4.1.4. Transforming into a Vector

This step is used to encode the symbolic representations of apps into vectors. Using one-hot code which is a process by which categorical variables are converted into a form that could be provided to ML algorithms to do a better job in prediction to transform generated OpCode sequences based on FCG into the vector.

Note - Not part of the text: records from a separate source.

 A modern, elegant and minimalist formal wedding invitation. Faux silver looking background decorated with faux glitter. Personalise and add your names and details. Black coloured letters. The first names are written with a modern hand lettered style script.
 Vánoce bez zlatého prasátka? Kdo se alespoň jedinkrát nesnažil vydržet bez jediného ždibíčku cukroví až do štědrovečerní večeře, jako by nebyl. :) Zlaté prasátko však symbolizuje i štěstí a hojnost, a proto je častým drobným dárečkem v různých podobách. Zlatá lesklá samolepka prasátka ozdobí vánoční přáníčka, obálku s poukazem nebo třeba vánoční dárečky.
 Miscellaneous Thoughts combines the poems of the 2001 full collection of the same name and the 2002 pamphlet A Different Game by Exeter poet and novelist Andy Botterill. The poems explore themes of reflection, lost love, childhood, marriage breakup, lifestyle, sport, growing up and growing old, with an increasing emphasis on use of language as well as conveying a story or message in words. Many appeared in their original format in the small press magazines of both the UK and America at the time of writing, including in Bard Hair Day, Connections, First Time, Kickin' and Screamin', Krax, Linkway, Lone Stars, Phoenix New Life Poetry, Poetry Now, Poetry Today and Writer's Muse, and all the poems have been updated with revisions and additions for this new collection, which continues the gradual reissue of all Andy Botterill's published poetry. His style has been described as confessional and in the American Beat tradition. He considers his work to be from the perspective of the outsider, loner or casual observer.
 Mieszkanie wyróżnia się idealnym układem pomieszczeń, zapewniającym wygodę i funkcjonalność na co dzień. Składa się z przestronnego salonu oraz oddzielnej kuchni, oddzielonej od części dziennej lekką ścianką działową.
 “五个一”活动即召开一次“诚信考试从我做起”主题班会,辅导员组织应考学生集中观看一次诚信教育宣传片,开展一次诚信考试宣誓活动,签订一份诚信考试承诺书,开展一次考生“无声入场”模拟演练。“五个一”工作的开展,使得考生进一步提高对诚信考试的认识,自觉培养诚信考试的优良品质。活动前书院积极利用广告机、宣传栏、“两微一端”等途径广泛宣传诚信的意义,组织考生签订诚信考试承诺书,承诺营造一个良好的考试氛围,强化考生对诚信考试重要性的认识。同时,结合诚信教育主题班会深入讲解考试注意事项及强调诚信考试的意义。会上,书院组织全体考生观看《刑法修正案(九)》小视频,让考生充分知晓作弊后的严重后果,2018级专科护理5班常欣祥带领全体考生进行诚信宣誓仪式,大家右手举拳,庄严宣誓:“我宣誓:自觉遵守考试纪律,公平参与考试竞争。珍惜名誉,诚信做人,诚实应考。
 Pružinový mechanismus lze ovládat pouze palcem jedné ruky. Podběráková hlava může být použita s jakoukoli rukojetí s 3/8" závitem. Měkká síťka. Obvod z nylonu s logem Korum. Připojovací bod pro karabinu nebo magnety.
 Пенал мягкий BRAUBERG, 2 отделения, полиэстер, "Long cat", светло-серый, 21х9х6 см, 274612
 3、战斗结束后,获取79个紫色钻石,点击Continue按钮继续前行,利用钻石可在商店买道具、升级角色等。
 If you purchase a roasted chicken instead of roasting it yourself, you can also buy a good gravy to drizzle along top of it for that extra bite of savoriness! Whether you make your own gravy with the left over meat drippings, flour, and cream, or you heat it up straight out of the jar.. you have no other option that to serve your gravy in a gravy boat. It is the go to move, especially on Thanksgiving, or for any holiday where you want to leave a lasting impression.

4.1.5. Training an LSTM-Based Neural Network

Program language and natural language have some similarities, such as both having grammatical information and semantic information [32]. Thus, it can be processed using Natural Language Processing (NLP) tools. We use deep learning instead of machine learning, although machine learning is more suitable for data sets with small sample size because, for simple tasks, such as the three classifications of Android software we do, the appropriate deep learning model can also achieve good results with fewer samples. Moreover, the opcode sequence obtained from Android software after being decompiled is sequential, while RNN is designed to process the data with temporal characteristics. LSTM is improved on the basis of RNN. The unique threshold mechanism can alleviate gradient disappearance and gradient explosion, and obtain long-term dependent information through the cell state. Thus, we establish the LSTM-based recurrent neural network and use the grid search and cross-validation to adjust the parameters. The network structure of our trained LSTM model is shown in Figure 5, whose parameters of the embedding layer are initialized through Word2Vector. The Word2Vector includes four sub-steps:
  • Sub-step 1: Statistics and processing of opcode sequences. Counting the vocabulary and using the lexical word frequency to number the vocabulary, adding the default vocabulary and dealing with the special vocabulary, etc..
  • Sub-step 2: Building (data, tag) pairs. Constructing skip_gram training data. skip_gram is a kind of data constructor, which utilizes the center word for predicting their surrounding words.
  • Sub-step 3: Establishing the Word2Vec neural network, and using nce_loss as the loss function to train. When the training is completed, the parameters of the network are an embedded matrix.
  • Sub-step 4: Transforming into a word embedding format through the obtained embedded matrix.

4.2. The Detection Phase

As highlighted in Figure 2b, given one or multiple target apps, we unpack the Android apps by generic unpackers like drizzleDumper and FUPK3 and extract API function calls from them as well as the corresponding OpCode, which is assembled into OpCode sequences based on FCG. The OpCode sequences based on FCG are transformed into their symbolic representations, which is encoded into vectors and used as an input of our trained LSTM-based neural network. The network output vectors are “Trojan” (“1”), “Adware” (“2”) or “Normal” (“0”). This phase has two steps:
  • Step 1: Transforming target apps into OpCode sequences based on FCG and vectors. It has four sub-steps:
    Sub-step 1: Obtaining the Dalvik code from the target apps (similar to 4.1.2. Process 1 ).
    Sub-step 2: Extracting API function calls from the target apps (similar to 4.1.2. Process 2).
    Sub-step 3: Assembling the program slices into OpCode sequences based on FCG (similar to 4.1.3).
    Sub-step 4: Transforming OpCode sequences based on FCG into vectors (similar to 4.1.4).
  • Step 2: Detection. This step uses the learned LSTM-based neural network to classify the vectors corresponding to the OpCode sequences based on FCG that are extracted from the target apps. When a vector is classified as “1” (i.e., “Trojan”), it means that the corresponding app is malware and the category is “Trojan”. When a vector is classified as “2” (i.e., “Adware”), it means that the corresponding app is malware and the category is “Adware”. Otherwise, the corresponding OpCode sequences based on FCG is classified as “0” (i.e., “Normal”).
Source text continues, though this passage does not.